Investing in overseas shares is as easy as buying domestic ones, but there are a couple of additional complications
July 28, 2022

It is now incredibly easy to buy overseas shares on investment platforms. This, plus the attention-grabbing performance of US growth companies in recent years, and greater levels of liquidity, mean that many of you are very likely to be familiar with the ins and outs of international share dealing.

Others will be less familiar, or prefer to rely on funds for their foreign exposure. But some in this group may now be thinking about snapping up share bargains across the water, and others might be entertaining the idea of direct overseas shareholdings because they are investors in Aim-traded Abcam, which is swapping its dual Nasdaq/Aim listing for life as a single-listed entity in the US.

Little of the detail is known yet – the company says it will continue to consult with shareholders on this proposal in the coming weeks with the intention to put it to shareholder approval at a general meeting called for that purpose later this year. But there are a couple of additional complications worth knowing about, whichever US shares you find yourself interested in.

The first is foreign exchange. Changes in the dollar/pound exchange rate will obviously affect the value of your US direct shareholdings so this could be an additional factor to consider when timing your purchases and sales. 

Although brokers do not generally charge higher dealing fees for overseas trades, you will be charged a forex fee. At Hargreaves Lansdown the charge depends on the value of your deal, and will cost a maximum of 1 per cent per deal.

Although interactive investor allows clients to hold foreign currency in their trading account in readiness for dealing or to convert from sterling at the time they place their trade (you can’t hold foreign currency in an Isa, you must switch into the currency at the time of the trade), foreign exchange fees apply in both cases. They start at 1.5 per cent on transactions up to £24,999, with the lowest fee of 0.25 per cent applying on transactions of £600k to £999,999 – the maximum electronic transaction size.

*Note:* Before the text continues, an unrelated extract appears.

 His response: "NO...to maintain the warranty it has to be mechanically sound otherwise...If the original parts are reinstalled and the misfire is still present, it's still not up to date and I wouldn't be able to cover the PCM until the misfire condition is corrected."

As mentioned, dealing charges are generally the same as for UK-listed shares, which means HL’s maximum online dealing fee to buy and sell US shares is £11.95 per trade.

If you have an account with interactive investor, its deal offering one free trade per month can be used to buy US shares. Otherwise each deal costs £7.99.

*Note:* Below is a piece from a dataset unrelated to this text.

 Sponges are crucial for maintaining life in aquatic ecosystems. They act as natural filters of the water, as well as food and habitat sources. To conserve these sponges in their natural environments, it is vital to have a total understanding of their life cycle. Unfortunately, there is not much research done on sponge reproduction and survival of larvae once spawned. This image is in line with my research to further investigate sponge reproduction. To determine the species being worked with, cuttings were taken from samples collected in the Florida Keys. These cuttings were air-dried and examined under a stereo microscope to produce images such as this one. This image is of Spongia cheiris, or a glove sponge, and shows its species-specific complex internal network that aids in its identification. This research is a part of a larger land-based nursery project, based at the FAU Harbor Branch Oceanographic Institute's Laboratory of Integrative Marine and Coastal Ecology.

Taxation is the other factor to consider with overseas shares, although this is not usually a problem with US shareholdings as your broker is certain to plonk a W-8 BEN form in front of you to save you from having up to 30 per cent tax deducted from your US dividends. Completing the form will reduce this tax to 15 per cent. Shares held in Sipps can receive the gross dividend in full, meaning no W-8 BEN form is required in such cases – although not every platform permits overseas shares to be held in Sipps.

Outside of Sipps, brokers need to have a Q1 status with the US tax authorities so they can instruct that full US withholding tax (charged at 30 per cent) should not be deducted for UK shareholders in Isas and ordinary trading accounts. Although you must declare dividends (and taxable realised gains) on overseas shares in your tax return, you should not have to pay tax twice where withholding tax has already been applied.